Doğu Türkistan’ın maddi durumu iyi ailelerinde biri olan Mehmet Emin Buğra bey, vatan millet davasına harcadığı ama zaman gelip esaretten gurbete çıkmanın zorluklarıyla giyecek ayakkabısının olmadığı dönemlerde de vatan millet davasını vicdani, dini, milli ve insani bir vazife addedip, ömrünün sonuna kadar bütün zorluklara rağmen bunlardan taviz vermemiş büyük bir dava adamı, yine büyük bir gönül insanıydı.

  

Buğra beyin hayatının birçok noktasının benzerini yaşamış Arslan Alptekin’de de ben aynı hasletleri bizzat gördüm ve yaşadım. Cebindeki son parasını ihtiyacı olduğunu söyleyen bir Doğu Türkistanlı öğrenciye, eve nasıl giderimi düşünmeden, çıkarıp verecek kadar gönlü zengin bir insandı. Hızır gibi bir adam olduğuna yaşanmış birkaç tecrübemle şahit olmuşumdur.

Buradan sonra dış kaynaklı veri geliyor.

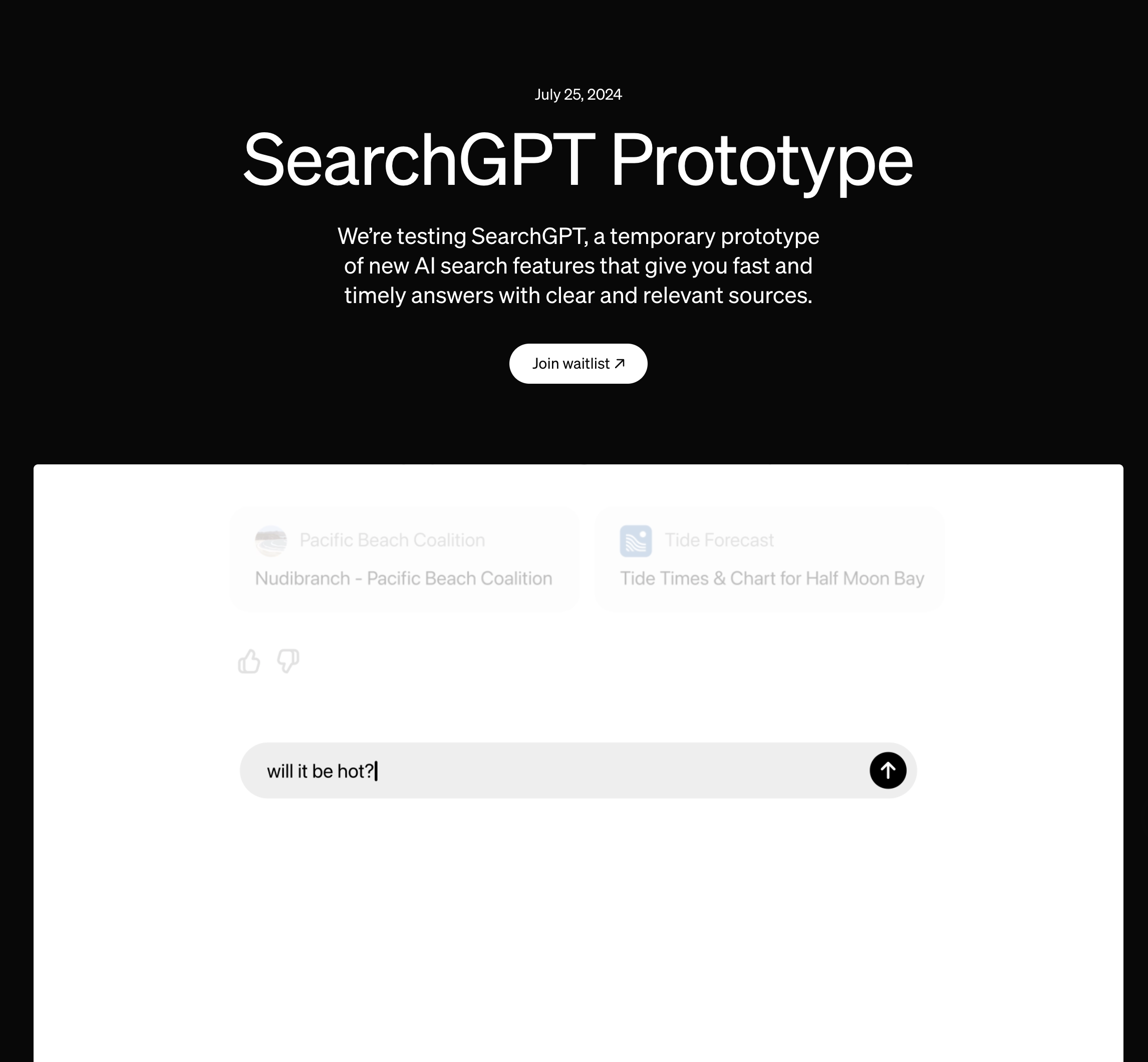 오픈AI는 25일(현지시간) 공식 블로그를 통해 '서치GPT'의 프로토타입 버전을 개발했다고 발표했습니다. 이번 발표는 우선 소규모 테스트 그룹과 퍼블리셔들을 대상으로 진행되며, 정식 출시 일정은 아직 공개되지 않았습니다. 초기에는 대기자 명단에 등록한 사용자만 사용할 수 있습니다.
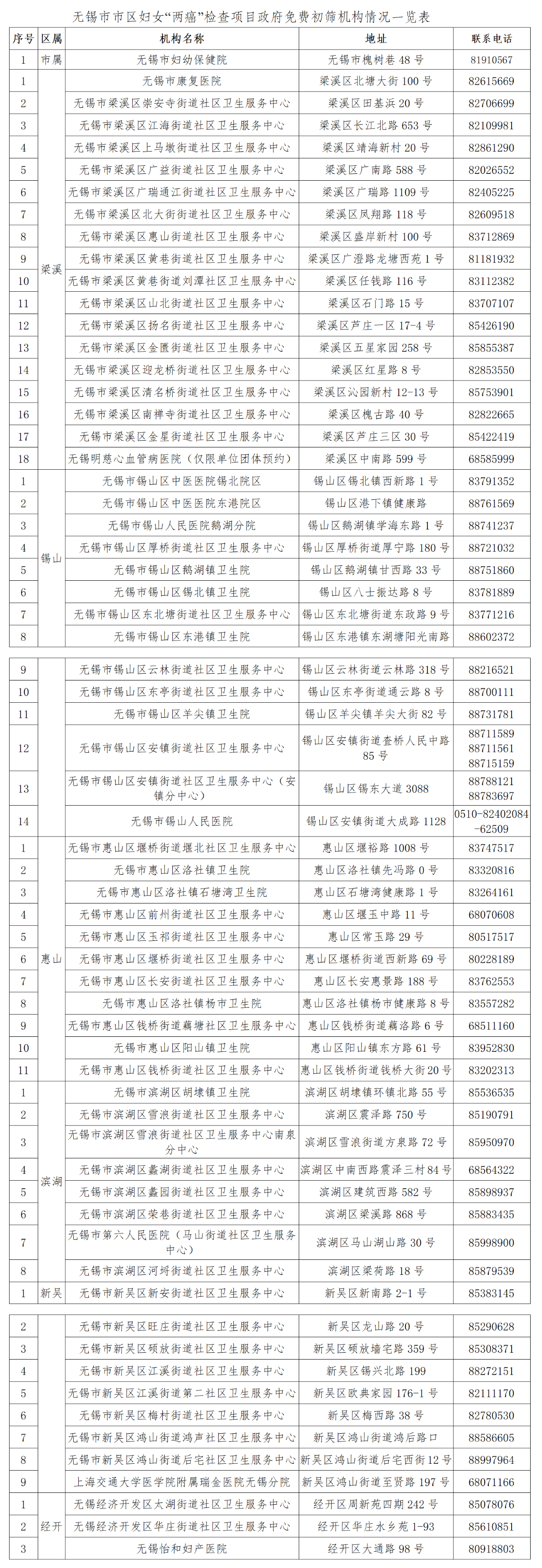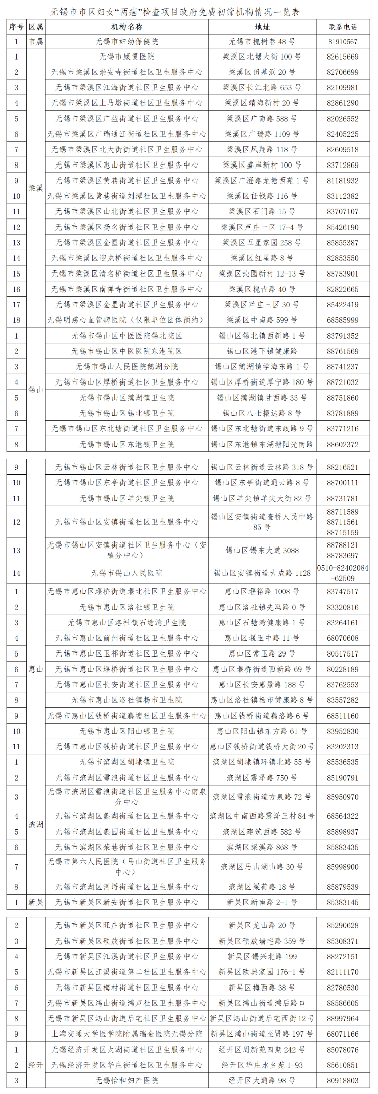 澳门新葡京博彩官网市区妇女“两癌”检查项目政府免费初筛机构情况一览表
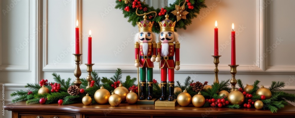 nutcracker standing among golden ornaments red candles and pine garlands on a sideboard creating a luxurious christmas decoration #1684986816
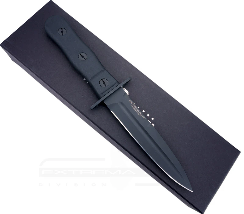 Zum Gedenken an die Schlacht von Case Grizzano vom 19. April 1945, als die italienische FallschirmjĂ€gertruppe des 183. Regiments gegen die 1. Division der Deutschen „Green Devils“ kĂ€mpfte, wurde das Nimbus Operativo von Extrema Ratio, als Nachfolger des Modells 39-03, entworfen. Namensgebend fĂŒr das Nimbus waren die Gewinner der Schlacht, die italienischen „Nembo“. Konzipiert ist das Nimbus als modernes Einsatzmesser, mit einer KlingenlĂ€nge von 14,1 cm und einer KlingenstĂ€rke von 5mm, gefertigt aus Böhler N690 Stahl. Das 26,3 cm groĂe Messer lĂ€sst sich in einer praktischen Kydexscheide verstauen, welche perfekt an die Abmessungen des Nimbus angepasst ist. Besonders gut liegt der aus Forprene hergestellte Griff in der Hand, welcher zusĂ€tzlich ĂŒber eine Parierstange verfĂŒgt. Freunde des Allblack-Designs, werden mit diesem Modell definitiv glĂŒcklich, da es mit einer MIL-C-13924 Beschichtung versehen ist. Dank des geringen Gewichtes von gerade einmal 203 g lĂ€sst es sich ohne Probleme mithilfe der Scheide transportieren.
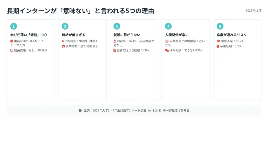 この記事では、長期インターンが「意味ない」と評価される具体的な理由を、統計データや実態調査をもとに詳しく解説します。
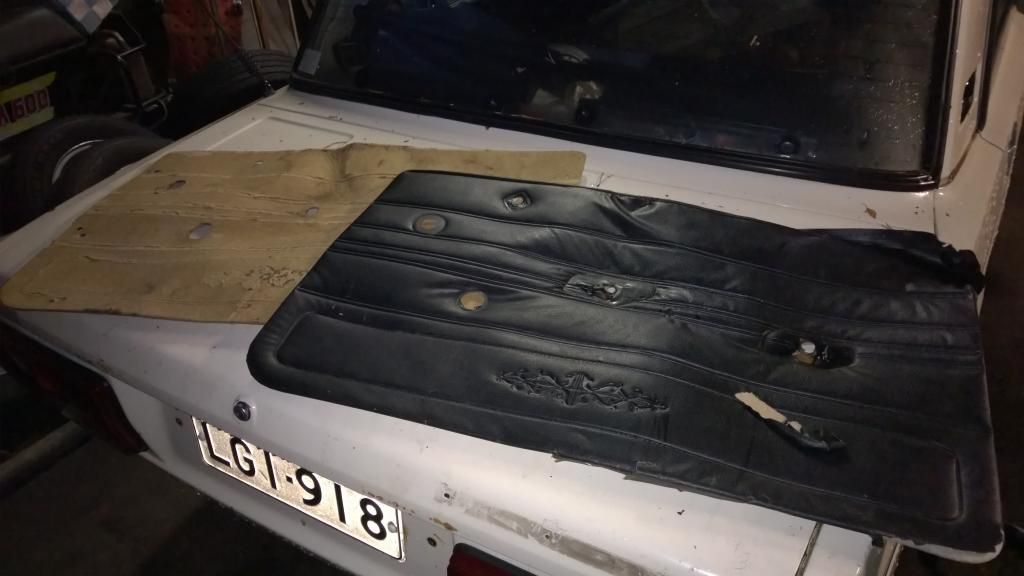 Sisusta purettu axtecista ja samalla alettu mallaileen sitä tuohon vanhempaan lataan. Sisusta oli aivan priima poislukien vänkärin ovipahvi joka oli saanut hieman kosteutta itseensä ja mennyt aivan haperoksi. Nyt pitää alkaa metsästään uus ovipahvi tuohon tilalle
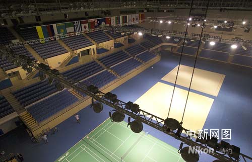 圖:影視紅星韓雪奧運(yùn)羽毛球館激情揮拍
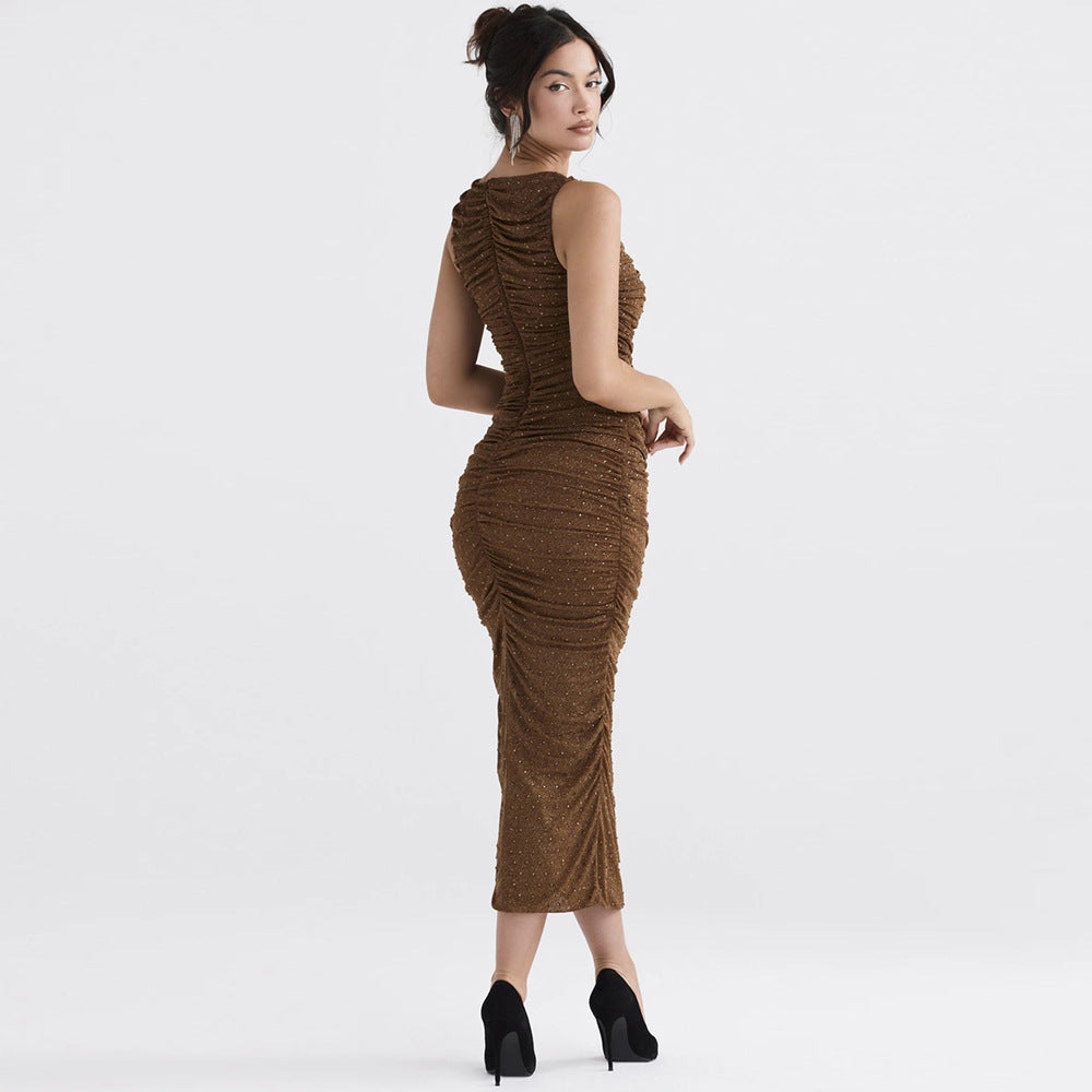 Tight Side Slit Pleated Party Party Dress Women
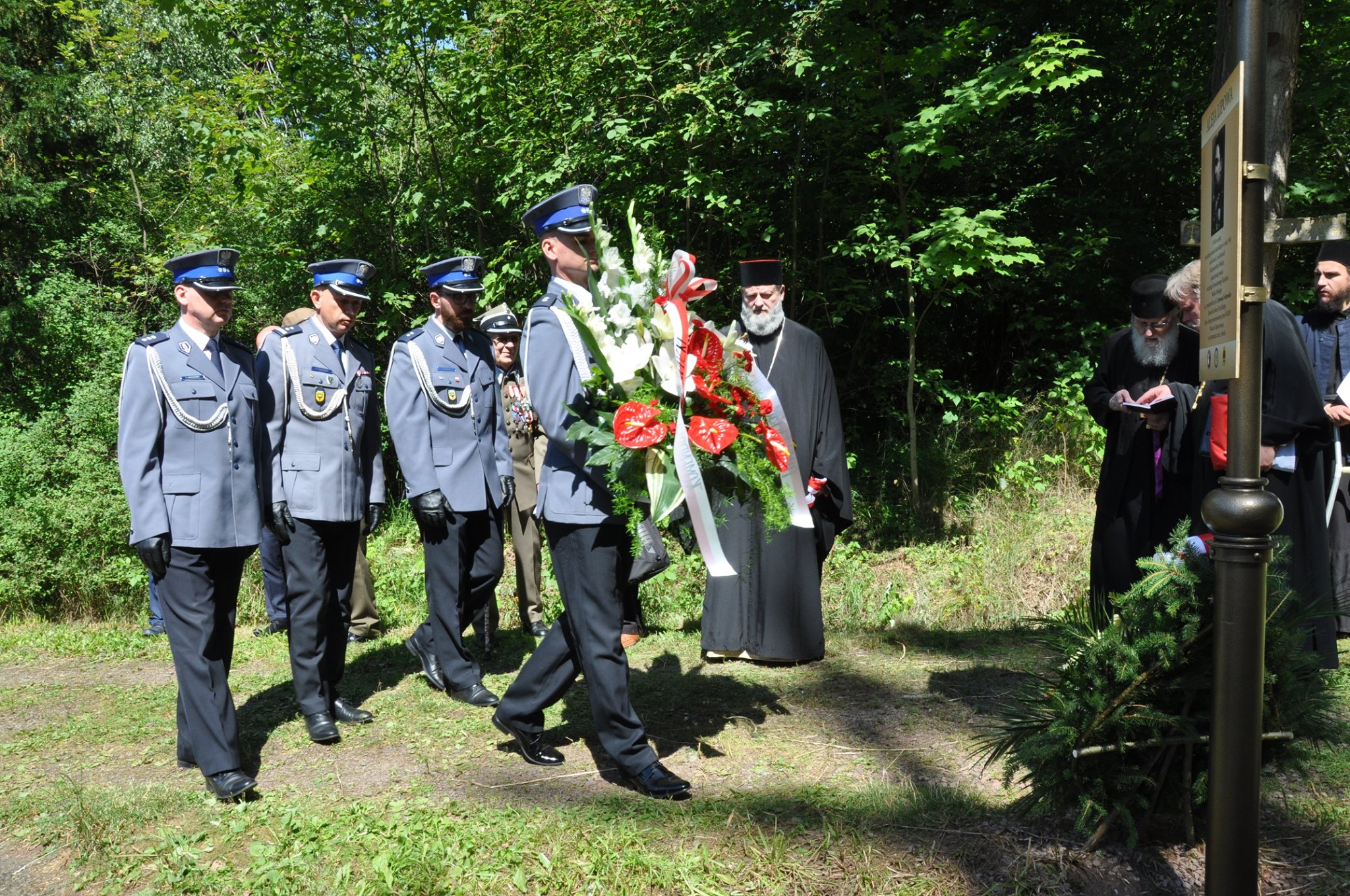 Po wysłuchaniu przemówienia i laudacji, odbyło się odsłonięcie pamiątkowej tablicy, którego dokonali trzej najwyżsi rangą oficerowie WP. Modlitwę żałobną wspominającą pomordowanych i poległych za Ojczyznę, wygłosił ks. mitrat Eugeniusz Cebulski, następnie złożono kwiaty. Zgromadzeni odwiedzili cerkiew św. Archanioła Michała, po czym zostali ugoszczeni obiadem przez Państwa Andreja i Ludmiłę Wowków, prowadzących Dom św. męcz. Elżbiety Fiodorownej.

"Hazretim Dada" Mehmet Emin Buğra, bir 14 Haziran gecesi, Buğra Bey’in dava ve kader arkadaşı İsa Yusuf Alptekin’in evladı Arslan Alptekin yine bir 19 Haziran günü hayata gözlerini yumup ebedi âleme göç ettiler. Haziran’ın 3. haftasında iki dava ve gönül insanının vefat yıldönümleri. Yüce Mevla gani gani rahmet etsin. İsimleri vâr oldukça, hasletleri de vâr olacaktır. Bize düşen "unutmanın tükenmek olduğunu hatırdan çıkarmadan" bu iki mümtaz şahsiyetin aziz hatıralarını saygı ile anmak, gelecek nesillerin unutmaması için hatırlamak/hatırlatmak olsa gerek.

Mehmet Emin Buğra beyi 55, Arslan Alptekin beyi 9. vefat yıldönümlerinde saygı ve özlemle yâd, mekanlarının Cennet olmasını temenni, ibretlik hayatlarını örnek alacak nice nesiller yetişmesini ümit ediyorum.